The IDL code has been ported to Python with NumPy/Numba for significantly better performance. See `demo.ipynb` for an interactive walkthrough.

### Installation

```bash
pip install numba numpy scipy matplotlib jupyter
```

### Running

**Command line:**

```bash
# Default run (no cloud)
python run_rtm.py

# With cloud centred at grid position (10, 10)
python run_rtm.py --cloud 10 10

# Show a plot after the run
python run_rtm.py --plot

# More iterations for a smoother spectrum
python run_rtm.py --iterations 50000 --plot
```

**Python API:**

```python
from run_rtm import run_rtm

result = run_rtm(n_iterations=50000, day_of_year=172, lat=51.5, lon=-0.1)

result['wavelengths'] # 122 band centres, 0.3–4.0 μm
result['vertical'] # irradiance arriving vertically (W m⁻² μm⁻¹)
result['left'] # arriving from the left
result['right'] # arriving from the right
result['total_hits'] # total sensor hits across all wavelengths
```

### File structure

| File | Purpose |
|---|---|
| `run_rtm.py` | Main simulation function + CLI entry point |
| `rtm_core.py` | Numba-JIT ray tracer (the hot loop) |
| `rtm_constants.py` | Spectral data arrays and helper functions |
| `demo.ipynb` | Jupyter notebook demo |

### Performance

The Numba JIT compiler runs on the first call (~10 s), then uses a disk cache for all subsequent calls (~1 s overhead). The simulation parallelises over iterations using all available CPU cores.

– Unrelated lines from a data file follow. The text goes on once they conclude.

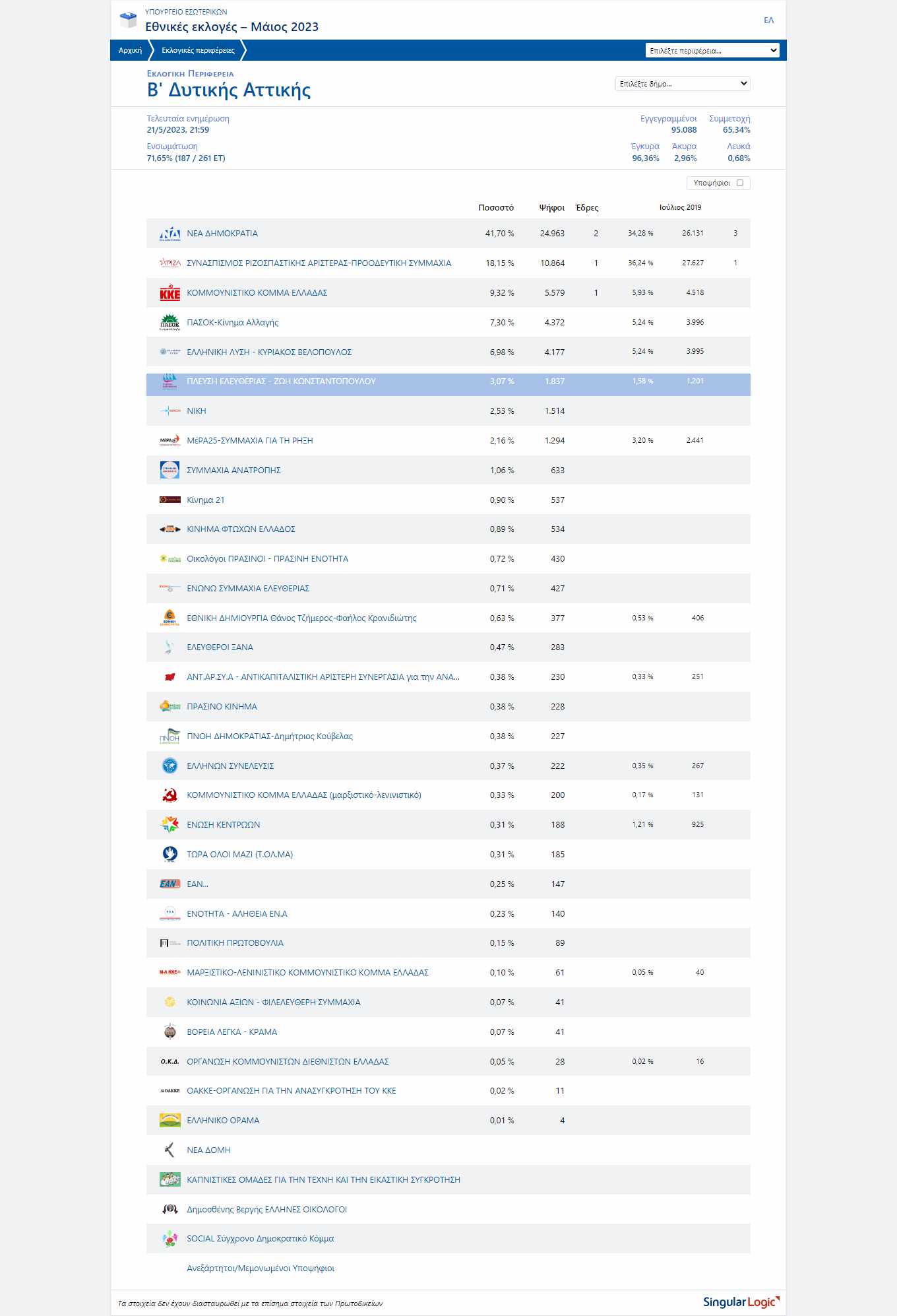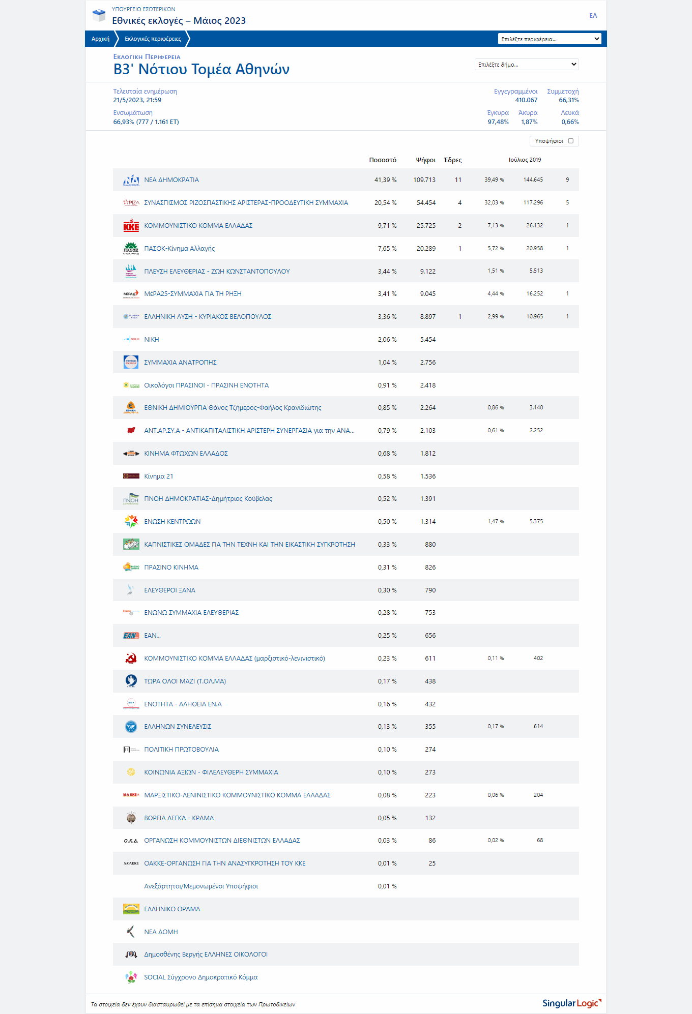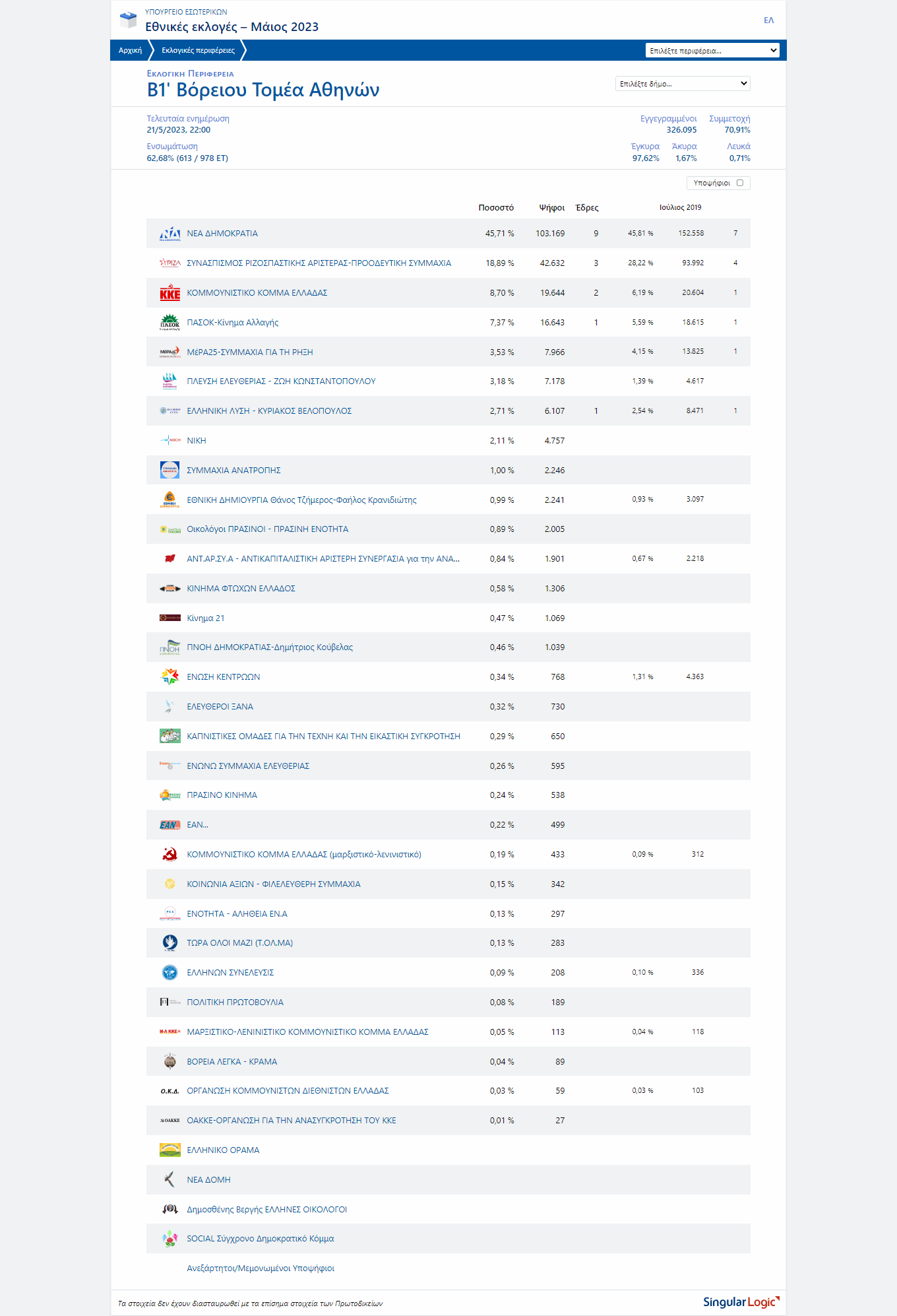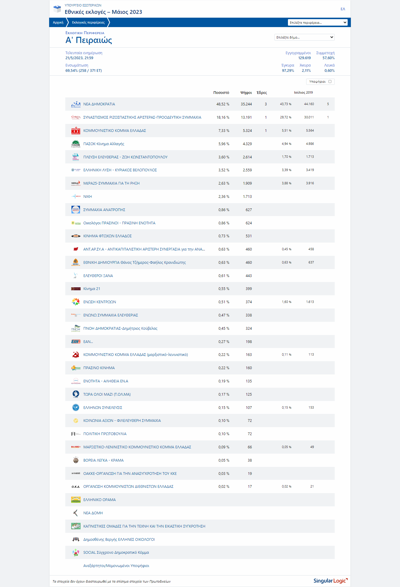 Το κόμμα του Κυριάκου Μητσοτάκη συγκεντρώνει ποσοστό 40,87%, ποσοστό που είναι υπερδιπλάσιο του ΣΥΡΙΖΑ τα ποσοστά του οποίου καταρρέουν στο 20,09%. Τρίτη εκλογική δύναμη αναδεικνεύται το ΠΑΣΟΚ/Κίνημα Αλλαγής με ποσοστό 11,92%, ακολουθεί το ΚΚΕ με 7,05% και η Ελληνική Λύση με 4,49%.
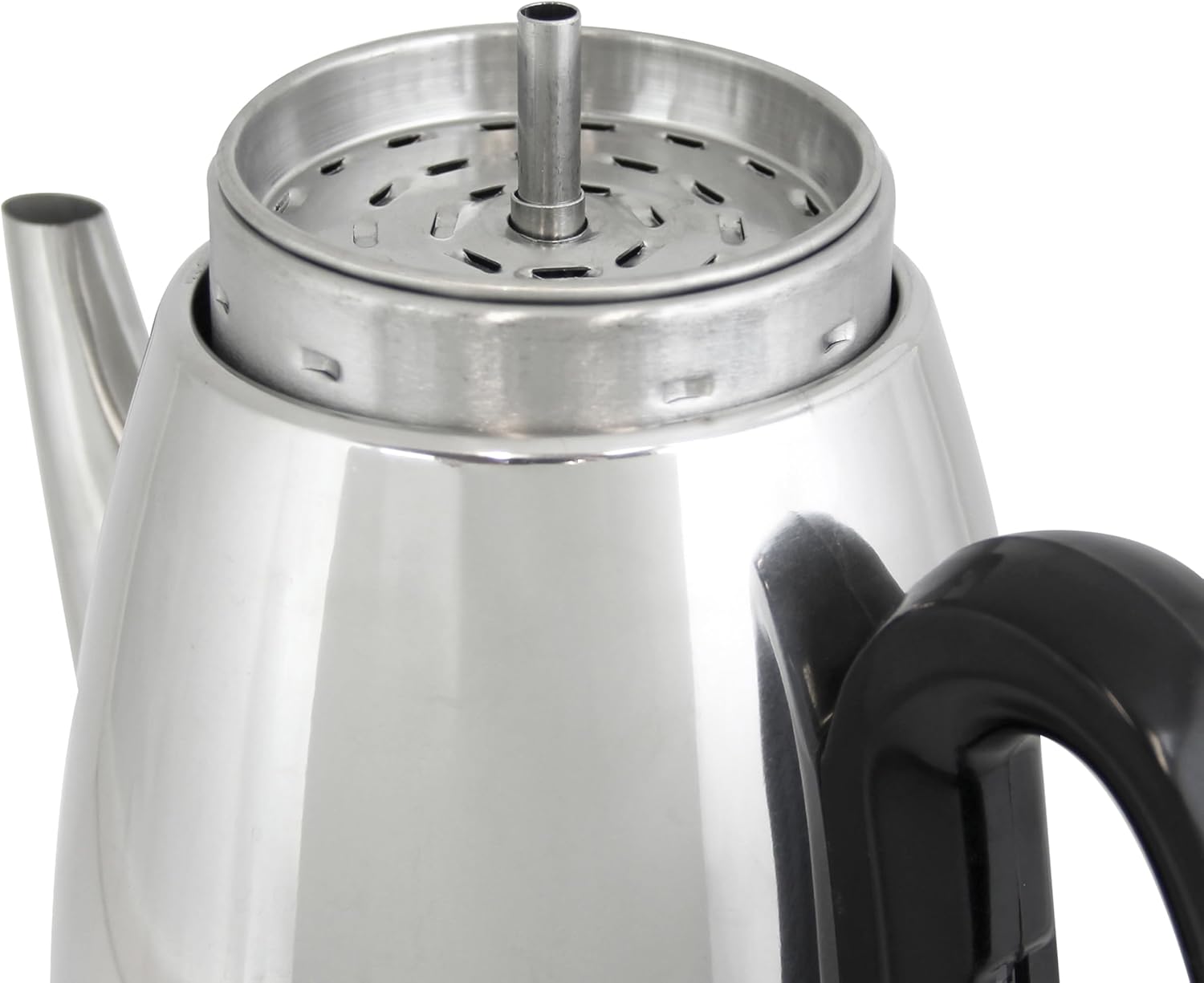 After our last ‘modern’ brewer became possessed – the grinder (which hadn’t worked at all in quite a while) on the stupid thing would start up on its own – I decided to go back to a good old reliable percolator. After much thought, I decided on this one. Glad I did! This is a very nice percolator and it does everything I expected. I also love the fact that it doesn’t take up half my counter space like the fancy new drip machines that don’t last long anymore. I read all the reviews and took some advice from other reviewers (like making sure the basket is wet before putting the filter in, especially if using finer (drip grind) ground coffee – genius!) I’m using regular basket filters … just take a little stack, fold in half, make a snip; fold in half the other way, make another snip; now you have a filter with a ‘hole’ in it to fit over the stem in the basket. A couple of reviewers said they have had problems with coffee dripping from the clear knob on the top. (The clear knob is plastic, by the way … but what else can you expect in today’s throw-away world?) Mine has had maybe one drip on a couple of occasions, but no big deal. I just make sure the lid is securely fitted onto the pot and haven’t had a problem since. Since this percolator does not come with a timer on it, I plug it into an outlet timer, and taa-daa! Freshly brewed coffee when I wake up! It smells wonderful as it brews and I can’t help it, I love the percolating sound and watching it perk (fond childhood memories). The coffee is HOT and tastes so much fresher than drip. It stays hot until it shuts off (if empty) or you unplug it – without that hot plate burned taste to it (and I’ve left it on for 3-4 hours…). There are only 2 negative things I can say about this pot: 1- it seems kind of loud, but you get used to it pretty quickly, and I rather expected it for this kind of brewing process; and 2 – unless you grind your own beans (or can grind them at the store), it is difficult to find “percolator grind” coffee, which is coarser than drip grind. But the grind is not the percolator’s fault! If using a drip grind, make sure you use a filter! I have made both grinds with and without filters and there will be a little bit of grind residue without a filter with the percolator grind. Drip grind without a filter leaves a LOT of grounds residue … but it’s no big deal to me, I just close my eyes, enjoy the aroma and taste, look out at all my trees and remember the good old days of camping and coffee by the fire 🙂 Overall, I’m very happy with the purchase and would buy it again.
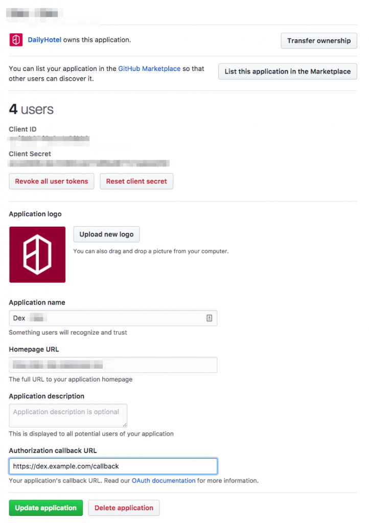 # userID: "08a8684b-db88-4b73-90a9-3cd1661f5466"우선 GitHub의 Organization Settings 메뉴로 가서 OAuth Apps에 Dex를 추가한다. 이때 Authorization calllback URL은 https://dex.example.com/callback가 된다.
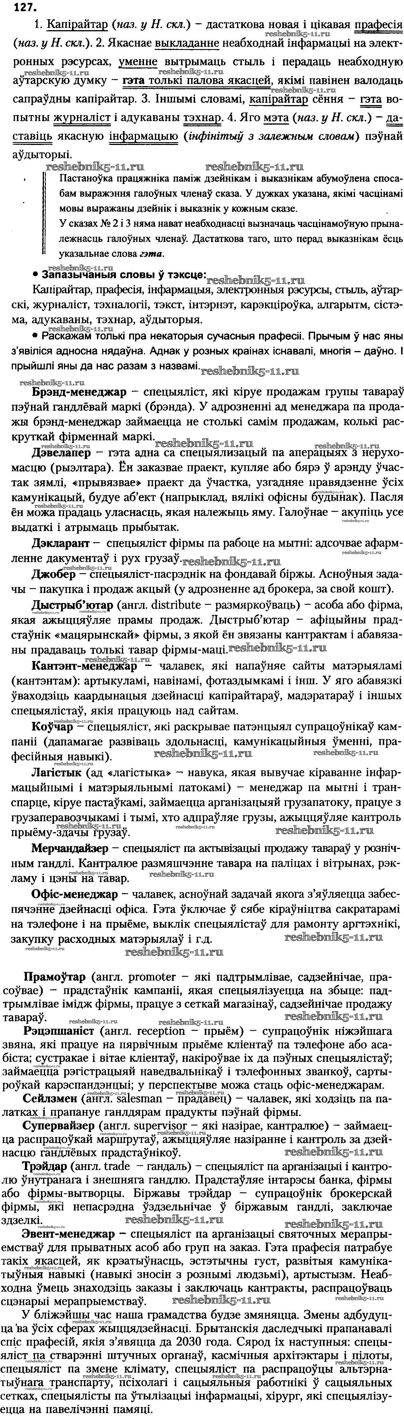 Готовая домашняя работа с ответами по Белорусскому языку за 8 класс Бадзевіч, Саматыя Учебник Национальный институт образования 2015 ФГОС - Упражнения 127
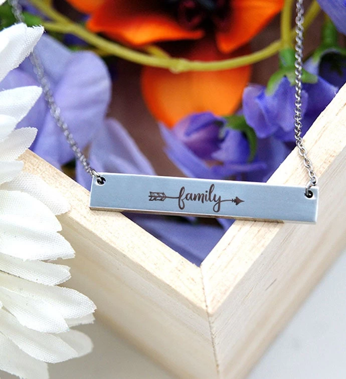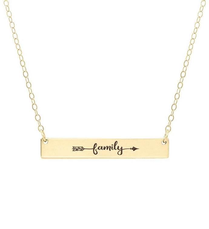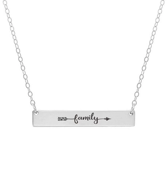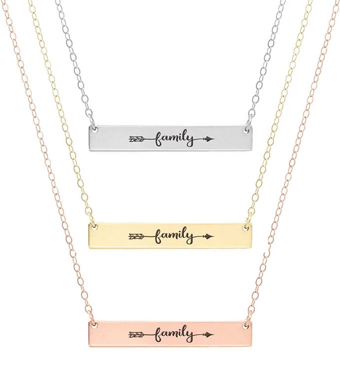 Turn heads with the classic polished bar necklace. The bar necklace comes engraved on the front only. Perfect necklace for casual wear to make your look pop!
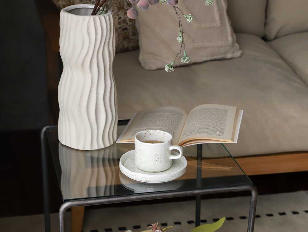 FUWARiシリーズのカップ&ソーサー。コンパクトなサイズ感が可愛らしい、ティータイムアイテム。FUWARi tea mugとFUWARi tea mug saucerセットでお届け。ティーマグ単体でも、カップ&ソーサーとしてもご使用いただけます。もちろんソーサー単体でも、お漬物やお菓子などのちょっとした食材を乗せる小皿としてもご使用頂けます。
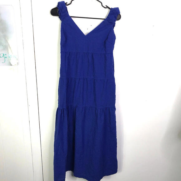Old Navy Dress Womens XS Sleeveless Tiered Ruffle Tie Back Royal Blue Midi
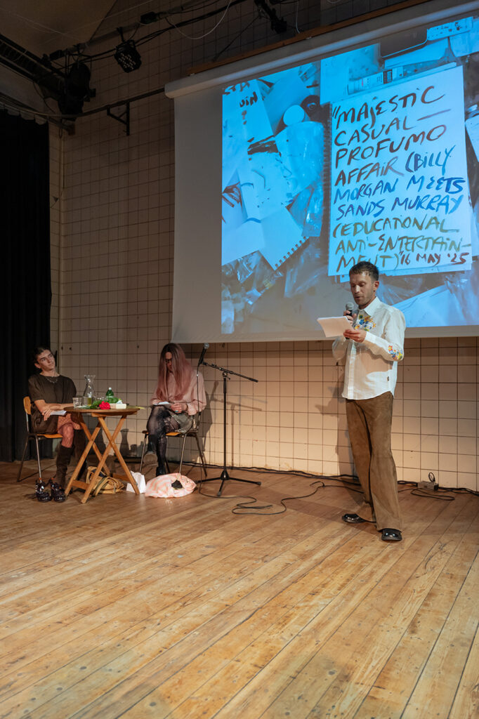 Majestic Casual — Profumo Affair: Billy Morgan meets Sands Murray (Educational Anti-Entertainment) is a collaboration between artists Billy Morgan and Sands Murray-Wassink and Titus Nouwens. It marks the first public outcome of Prelude, a series of live events emphasising interconnections and influences between moving image and performance, and between visual artists of distinct generations.
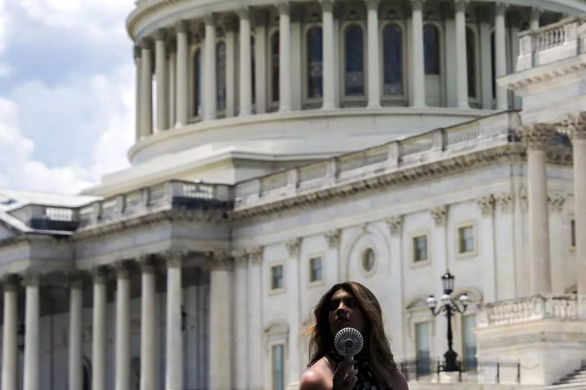 A woman uses a portable fan to cool down Wednesday, June 25, 2025, outside the U.S. Capitol in Washington. (AP Photo/Julia Demaree Nikhinson)
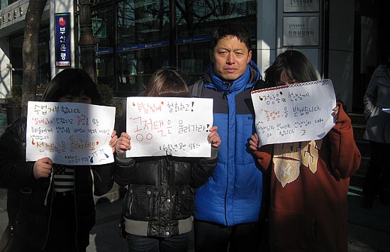 파면 징계를 받은 정상용 구산초등학교 교사를 응원하기 위해 자리를 함께 한 3명의 제자들은 "선생님을 도우려고 왔어요", "너무 억울해서요", "선생님은 피해자예요" 라며 '선생님'을 '변호'했다.
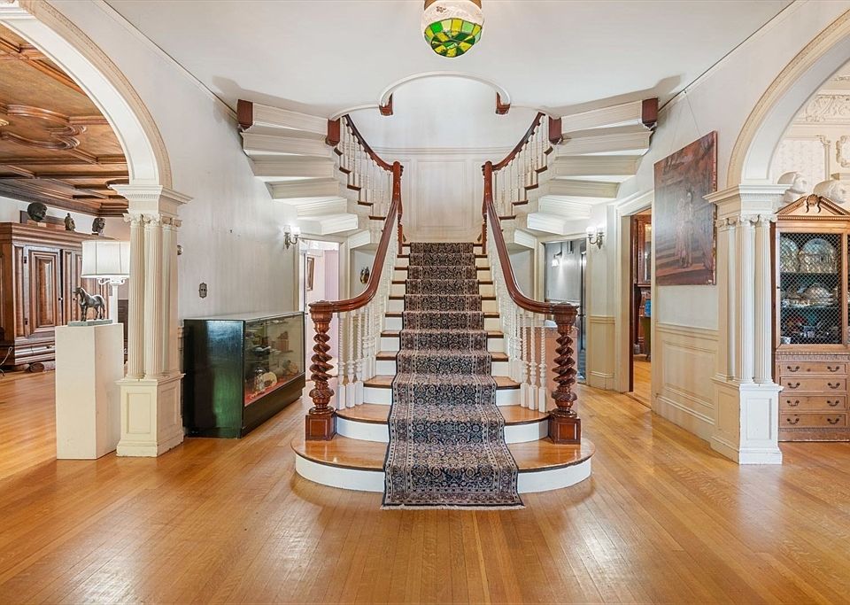 Spectacular 5800 SqFt Colonial Revival c. 1907 with unbelievable original detail throughout, built for Leonard Rhodes, a Brookline greengrocer. Grand Foyer with Princess staircase, powder room; front to back formal living room with beamed ceiling, bow windows, fireplace w/carved maple mantel and Grueby Arts & Crafts hand-painted tile frieze. Wood panelled sunroom w stone fpl & stained glass; dining room w fireplace & pocket doors to family rm w/ tapestry wall paper w/woodland scenes, ornate ceiling lighting, fpl. Eat-in kitchen with great layout includes pantry w/laundry. On the 2nd floor, 4 bdrms and 3+ baths include a front to back primary suite, plus a sitting room. 4 additional bedrooms, cedar/storage walk-in closets, and a billiard room with a hand painted mural on the 3rd. Natural woodwork, ample closets/built-ins. 14+ room, 8BRs on a large corner lot. Close to shopping, schools, 2 MBTA lines. Sellers welcome offers with requests for buyer concessions
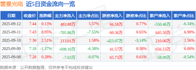 证券之星消息,截至2025年9月12日收盘,雷曼光电(300162)报收于7.51元,上涨1.08%,换手率2.66%,成交量9.1万手,成交额6815.31万元。
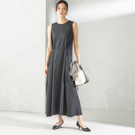 たっぷりと布を使った蹴回しが生み出す、胸元からの美しいドレープラインが印象的なノースリーブワンピース。
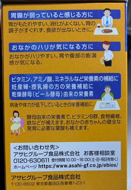 ビール酵母には消化機能を助け、乳酸菌など有用菌を増やす作用があり、胃もたれ、消化不良、おなかのハリなどの症状に効きます。
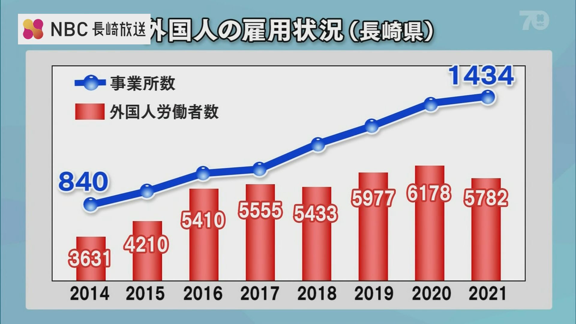 彼らの様に長崎県内で働く“外国人労働者”の数は年々増加傾向にあり、外国人を雇用している事業所の数も増加しています。

| Iterations | Sensor hits | Time |
|---:|---:|---:|
| 1,000 | ~230 | 0.1 s |
| 5,000 | ~1,000 | 0.5 s |
| 10,000 | ~1,900 | 1.4 s |
| 50,000 | ~12,000 | 5 s |
| 100,000 | ~21,000 | 10 s |
| 500,000 | ~105,000 | 53 s |

The hit rate is ~0.2% per iteration — rays must scatter to reach the sensor. More iterations give a smoother spectrum.